• **DIRECTIONS**
The data that follows must be transcribed in full and exactly, minus the pictures.

• **SUPPLIED INFORMATION**
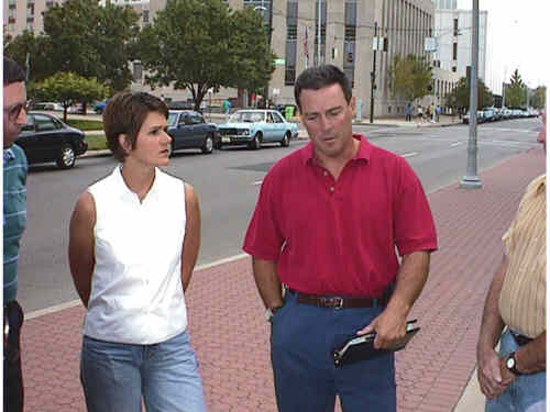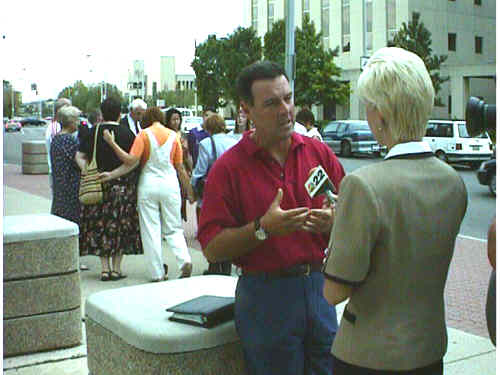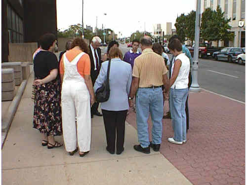 Prayer at the Federal CourthouseMonday, August 23, 1999 An impromptu prayer meeting, attended by Dave Mehaffie and his wife Kim, was held in front of the Federal Courthouse after Judge Walter Rice postponed the trial. Dave Mehaffie from Dayton, and Heather Mechanic from San Diego, who are both defendants in the trial, were interviewed by the media. The group prayed for Judge Rice and for the unborn children that would be affected by Judge Rice's decisions. The trial was postponed so that Judge Rice could decide whether he wanted to make a summary judgement. A summary judgement would take the place of a trial.
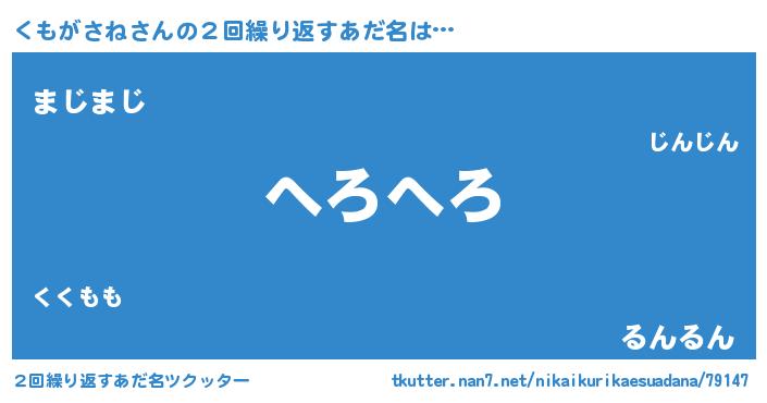| ヘコむあだ名 | 『なまこ酢』『くももー』『くもっ子』 |
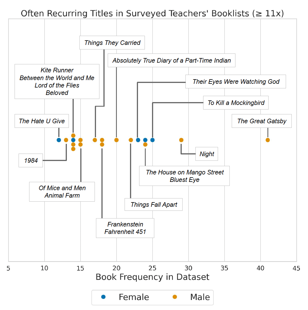 The teachers in our case study are not necessarily representative of teachers nationally, and our sample here spans a much shorter time frame than AP’s. Therefore, the recurrence of titles within this dataset may be less indicative of a pervasive canon than recurrences in AP Literature. Still, some scholars, such as Manshel and Chiang, have suggested revising definitions of canonicity to go beyond the notion of a single canon unyielding to time; for instance, individuals may craft their own “personal canon” (Dalleo and Sáez 1). Titles with widespread use among the teachers in our study suggest the formation of alternative canons to the one imposed by AP (Figure 9). Popular titles include older “classics” by White authors such as The Great Gatsby (1925), To Kill a Mockingbird (1960), and Animal Farm (1945), but also newer books by authors of color such as The Hate U Give (2017) and The Absolutely True Diary of a Part-Time Indian (2007). These latter two titles do not appear in AP exams up to 2021 and suggest existing ways in which US teachers may deviate from AP. In fact, a majority (68.7%) of books that appear in this teacher-provided dataset but not in AP Literature feature primary characters of color. Still, the gender gap among recurring titles in Figure 9 is large, where only 5 of the 19 titles shown feature female primary characters (Appendix 13). Overall, the two ELA datasets in our study present distinct snapshots of how literature may be taught in the US, and together, provide concrete possibilities around what types of books and characters could be taught in classrooms.
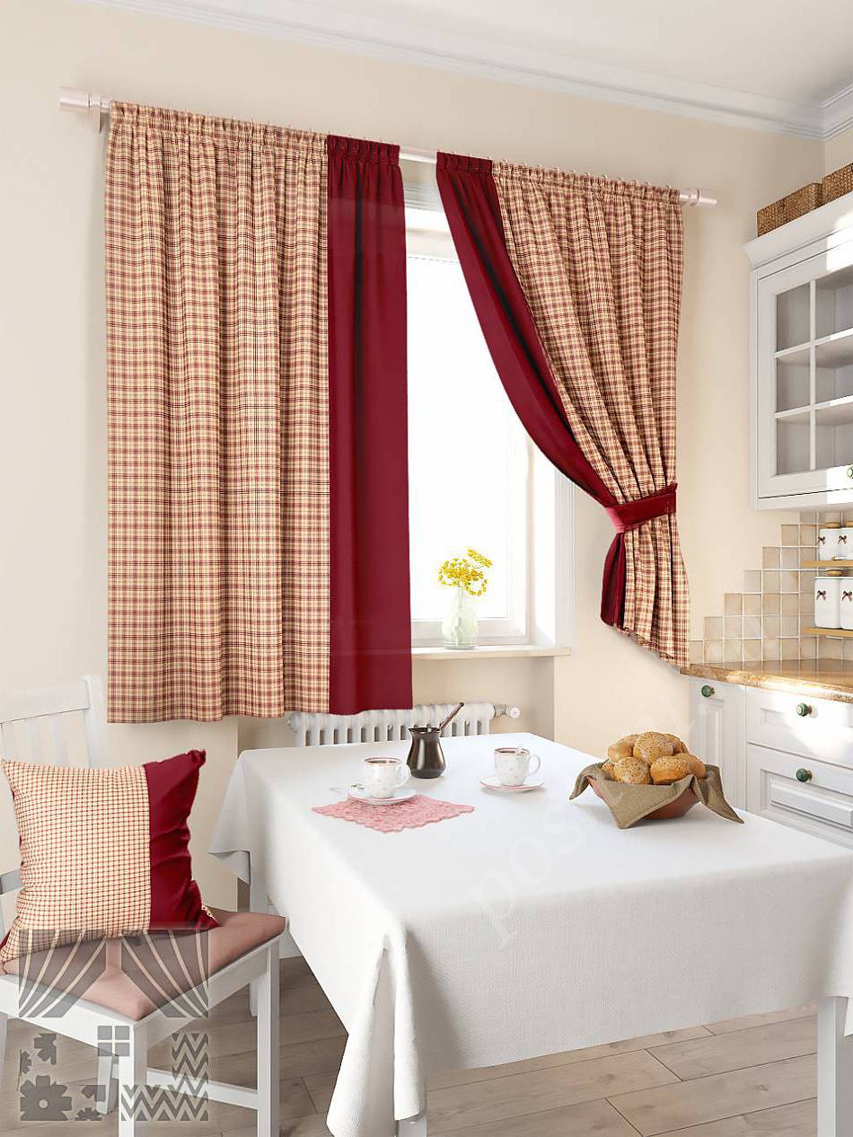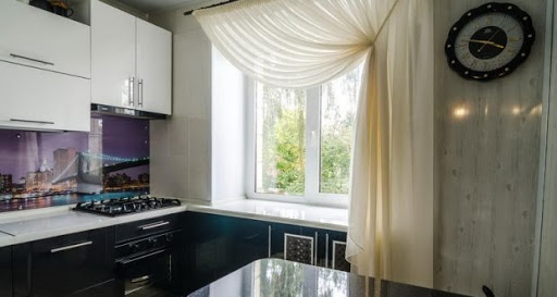 В первом случае нам помогут косые шторы. Занавески с неровным краем, то есть не по всей длине, создадут уют на кухне и не подвергнутся жировым брызгам.

• **YOUR SOLUTION**
 Prayer at the Federal CourthouseMonday, August 23, 1999 An impromptu prayer meeting, attended by Dave Mehaffie and his wife Kim, was held in front of the Federal Courthouse after Judge Walter Rice postponed the trial. Dave Mehaffie from Dayton, and Heather Mechanic from San Diego, who are both defendants in the trial, were interviewed by the media. The group prayed for Judge Rice and for the unborn children that would be affected by Judge Rice's decisions. The trial was postponed so that Judge Rice could decide whether he wanted to make a summary judgement. A summary judgement would take the place of a trial.
| ヘコむあだ名 | 『なまこ酢』『くももー』『くもっ子』 |
 The teachers in our case study are not necessarily representative of teachers nationally, and our sample here spans a much shorter time frame than AP’s. Therefore, the recurrence of titles within this dataset may be less indicative of a pervasive canon than recurrences in AP Literature. Still, some scholars, such as Manshel and Chiang, have suggested revising definitions of canonicity to go beyond the notion of a single canon unyielding to time; for instance, individuals may craft their own “personal canon” (Dalleo and Sáez 1). Titles with widespread use among the teachers in our study suggest the formation of alternative canons to the one imposed by AP (Figure 9). Popular titles include older “classics” by White authors such as The Great Gatsby (1925), To Kill a Mockingbird (1960), and Animal Farm (1945), but also newer books by authors of color such as The Hate U Give (2017) and The Absolutely True Diary of a Part-Time Indian (2007). These latter two titles do not appear in AP exams up to 2021 and suggest existing ways in which US teachers may deviate from AP. In fact, a majority (68.7%) of books that appear in this teacher-provided dataset but not in AP Literature feature primary characters of color. Still, the gender gap among recurring titles in Figure 9 is large, where only 5 of the 19 titles shown feature female primary characters (Appendix 13). Overall, the two ELA datasets in our study present distinct snapshots of how literature may be taught in the US, and together, provide concrete possibilities around what types of books and characters could be taught in classrooms.
 В первом случае нам помогут косые шторы. Занавески с неровным краем, то есть не по всей длине, создадут уют на кухне и не подвергнутся жировым брызгам.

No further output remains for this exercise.